Similar, in many respects, to the course I taught under Lucas as a graduate
student at the University of Wisconsin. I've used several different texts
in teaching this course, including both the Lucas and Engleberg and Daly texts.
A relatively easy and fun to teach introductory course.
- Interpersonal Communication (for Health Professionals)
- An adaptation of the Interpersonal Communication course to the needs and experiences of health professionals (especially nurses). The principle adaptations involved bring
- Sophomore Engineering Clinic Public Speaking
- A variation of the basic public speaking course communication course oriented to the presentation requirements associated with engineering.
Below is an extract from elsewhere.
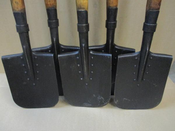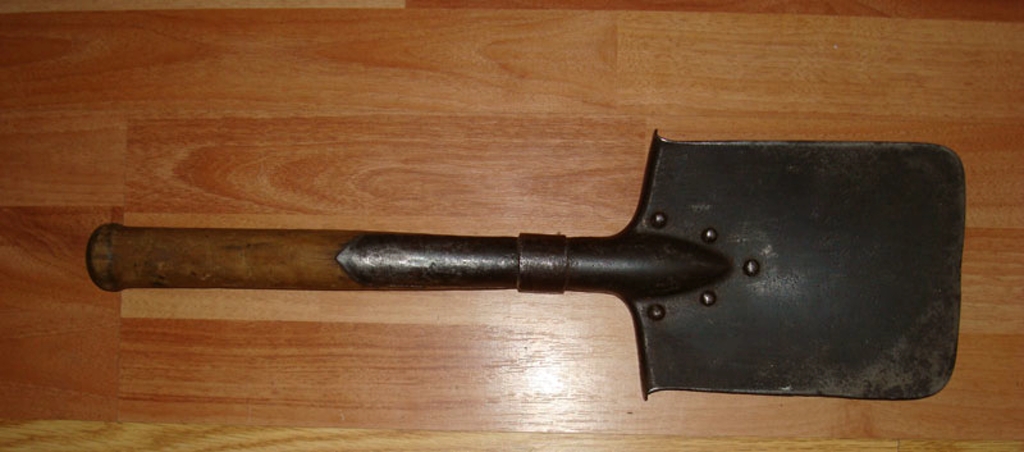 4. «Три ялинки» – найбільш «молодий» різновид піхотних лопаток, що трапляються на складах. Така назва через клеймо виробника. П’ятикутне лезо з одним отвором у основі для фіксації руків’я шурупчиком. Це ті, що були випущені радянським ВПК після 1980-х років. І якщо казати про якість, То, напевно, ці – найгірші з усіх вищеперерахованих. Адже і якість металу, і якість дерева для руків’я спонукає бажати кращого. Ну а виготовлялося лезо такої лопати методом холодного штампування.

Used Lucas as the text, but made adaptations, based on my considerable experience doing public speaking as a software engineer that aligned the principles of public speaking with the engineering paradigm.
I have taught, proposed, and expressed interest in teaching other courses
as well. None that are left out of the above are uninteresting or less likely
to intertwine with my research interests. My research is indelibly intertwined
with my teaching. I find it impossible to teach without finding connections
and new research interests. I find my research benefits immensely from the
challenges of the classroom. They are threads in a single strand of rope,
and the strength of that rope is in the reinforcement they give each other.